▶ EXERCISE:
Write out exactly, and only, the lines below from the line with "2.Drawer-style pen bag, can" through the line with "These adorable babies"; pictures do not belong in the copy.

▶ DATA FOR PROCESSING:
******************************
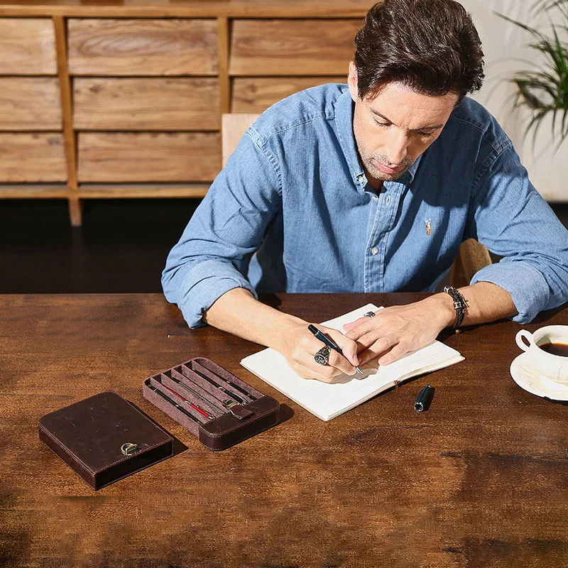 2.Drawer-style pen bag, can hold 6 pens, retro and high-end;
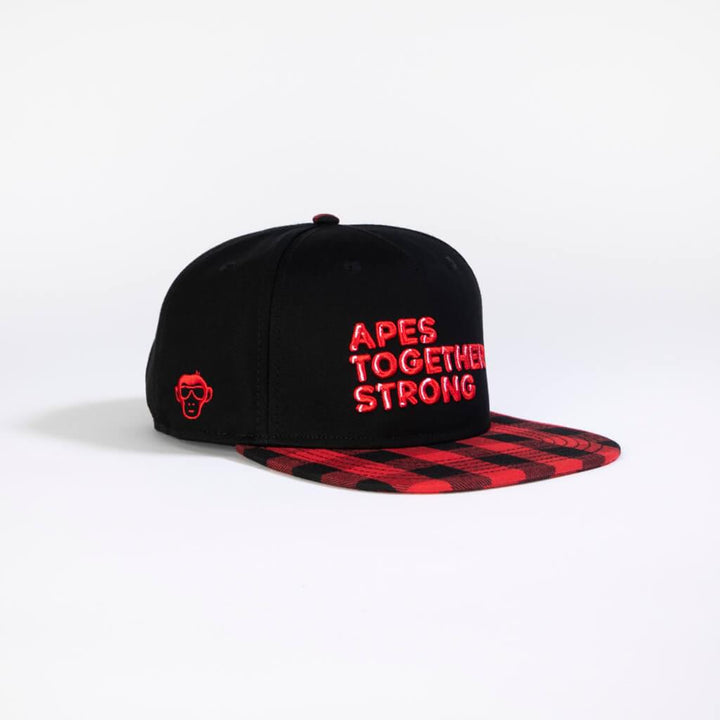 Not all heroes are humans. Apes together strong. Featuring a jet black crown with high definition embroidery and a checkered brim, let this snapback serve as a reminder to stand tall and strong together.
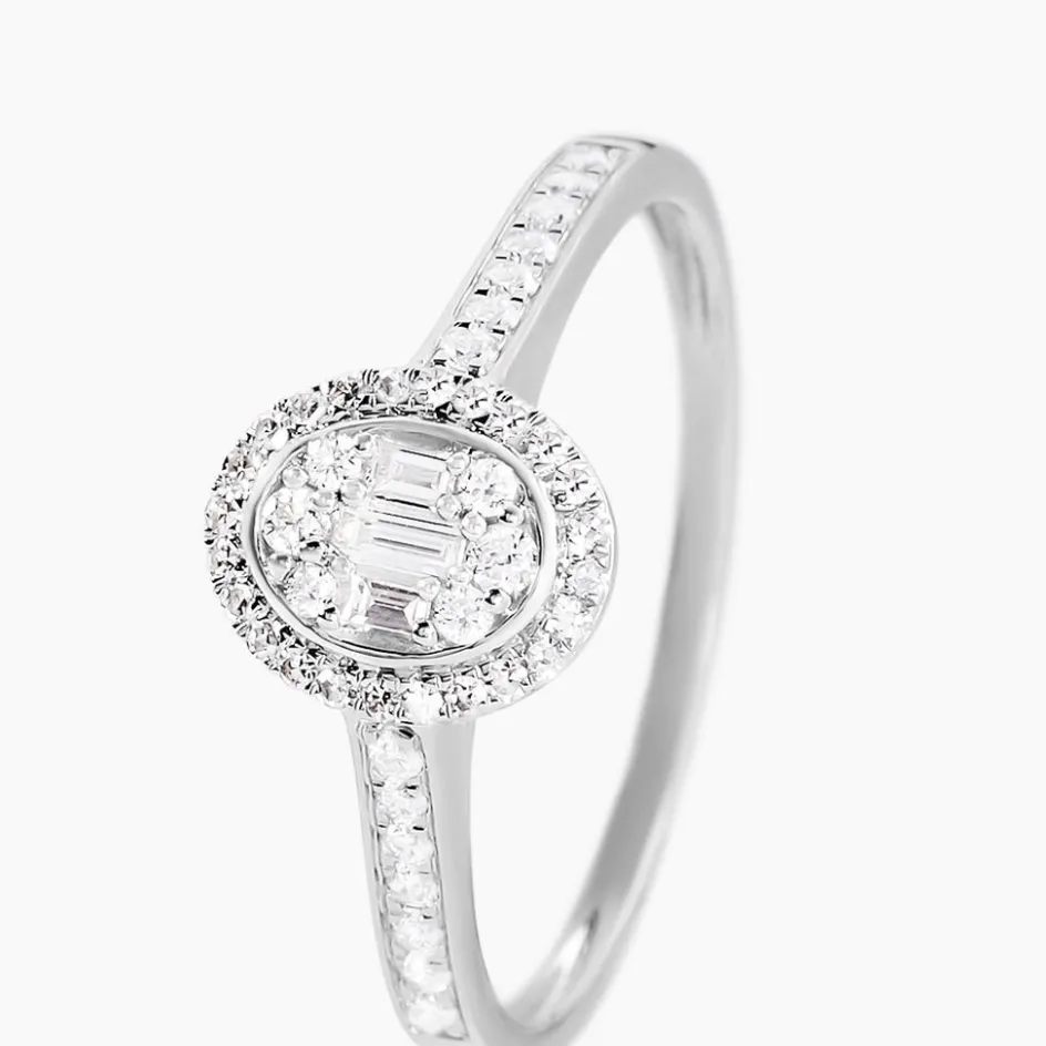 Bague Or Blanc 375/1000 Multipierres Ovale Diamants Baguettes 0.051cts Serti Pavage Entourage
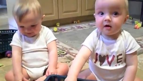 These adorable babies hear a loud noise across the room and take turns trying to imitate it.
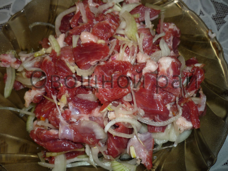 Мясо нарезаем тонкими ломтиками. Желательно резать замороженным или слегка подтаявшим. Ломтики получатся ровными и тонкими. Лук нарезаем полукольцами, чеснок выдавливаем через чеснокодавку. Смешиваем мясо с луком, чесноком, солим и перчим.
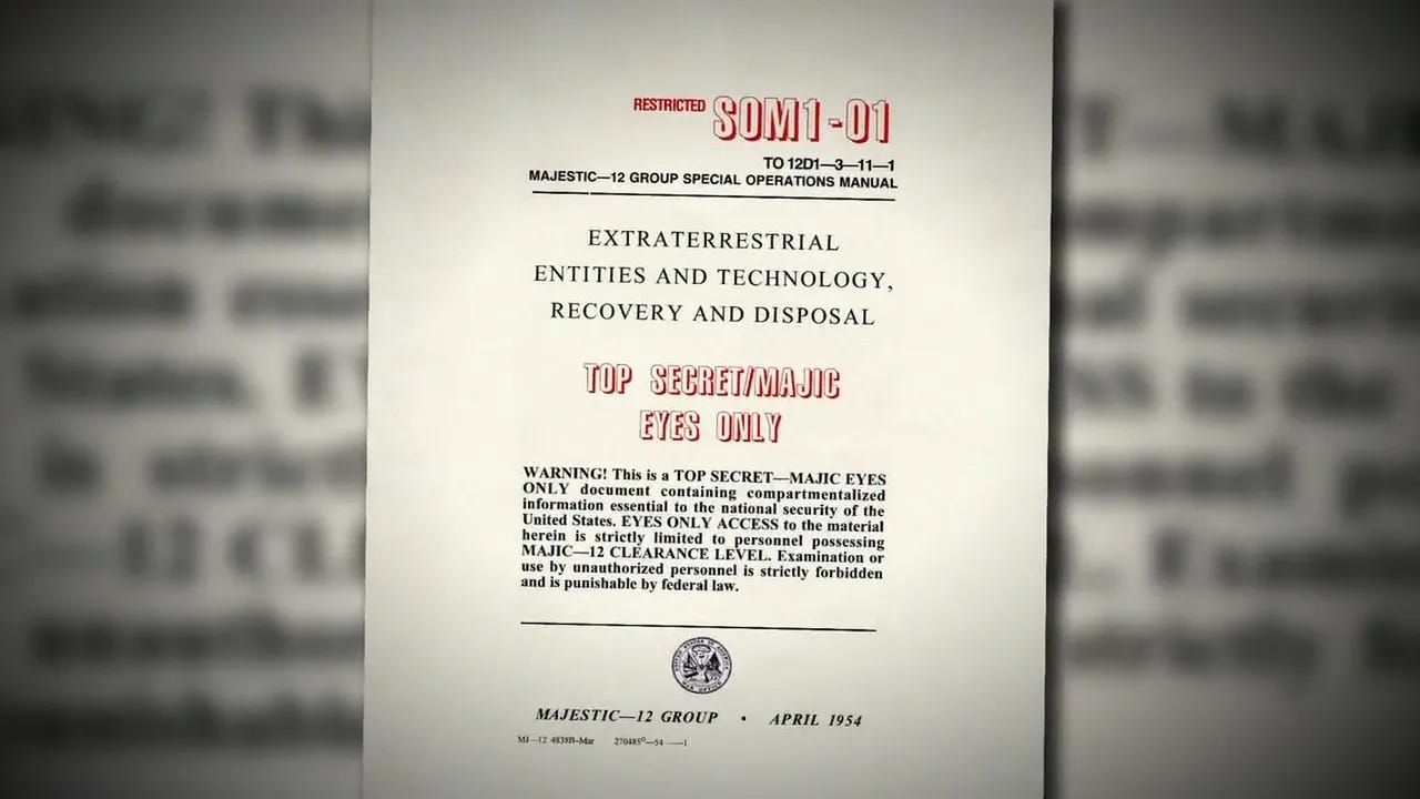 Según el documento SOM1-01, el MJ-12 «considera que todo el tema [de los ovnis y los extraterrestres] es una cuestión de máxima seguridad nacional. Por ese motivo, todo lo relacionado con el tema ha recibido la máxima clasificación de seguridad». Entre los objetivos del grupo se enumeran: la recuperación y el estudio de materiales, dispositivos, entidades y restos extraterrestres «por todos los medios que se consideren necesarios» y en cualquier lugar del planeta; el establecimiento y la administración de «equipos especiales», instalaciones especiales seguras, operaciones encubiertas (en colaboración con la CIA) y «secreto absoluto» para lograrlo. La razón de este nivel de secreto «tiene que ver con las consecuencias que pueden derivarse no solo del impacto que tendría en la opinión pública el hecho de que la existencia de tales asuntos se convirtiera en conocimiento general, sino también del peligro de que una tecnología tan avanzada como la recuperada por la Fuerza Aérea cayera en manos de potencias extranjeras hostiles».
******************************
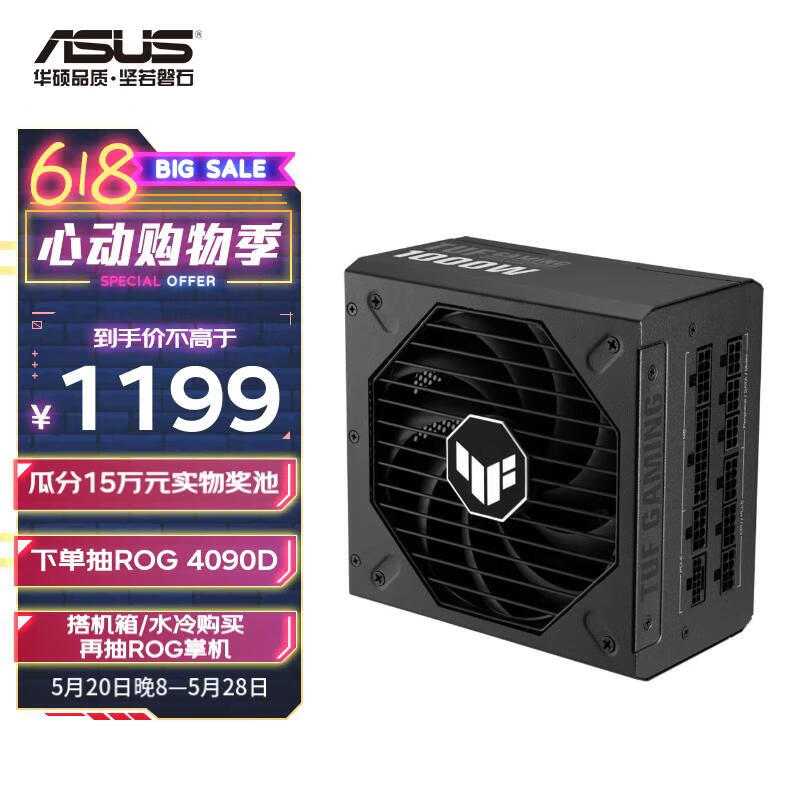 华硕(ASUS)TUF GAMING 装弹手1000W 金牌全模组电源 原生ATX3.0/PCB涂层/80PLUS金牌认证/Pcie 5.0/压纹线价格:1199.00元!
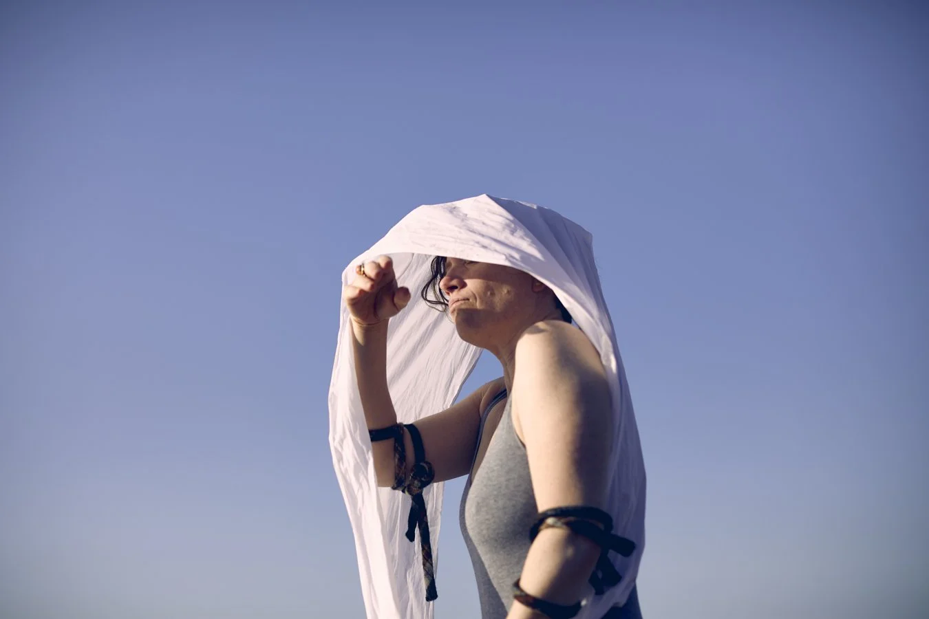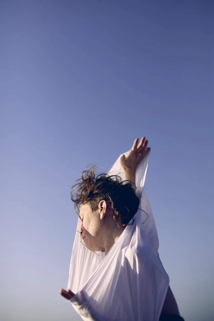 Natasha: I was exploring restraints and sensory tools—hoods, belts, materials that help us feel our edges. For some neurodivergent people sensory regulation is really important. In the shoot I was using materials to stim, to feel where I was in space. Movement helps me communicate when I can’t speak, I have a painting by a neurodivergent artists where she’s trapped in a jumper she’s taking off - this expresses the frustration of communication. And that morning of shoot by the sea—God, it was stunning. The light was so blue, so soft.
******************************
▶ SOLUTION:
 2.Drawer-style pen bag, can hold 6 pens, retro and high-end;
 Not all heroes are humans. Apes together strong. Featuring a jet black crown with high definition embroidery and a checkered brim, let this snapback serve as a reminder to stand tall and strong together.
 Bague Or Blanc 375/1000 Multipierres Ovale Diamants Baguettes 0.051cts Serti Pavage Entourage
 These adorable babies hear a loud noise across the room and take turns trying to imitate it.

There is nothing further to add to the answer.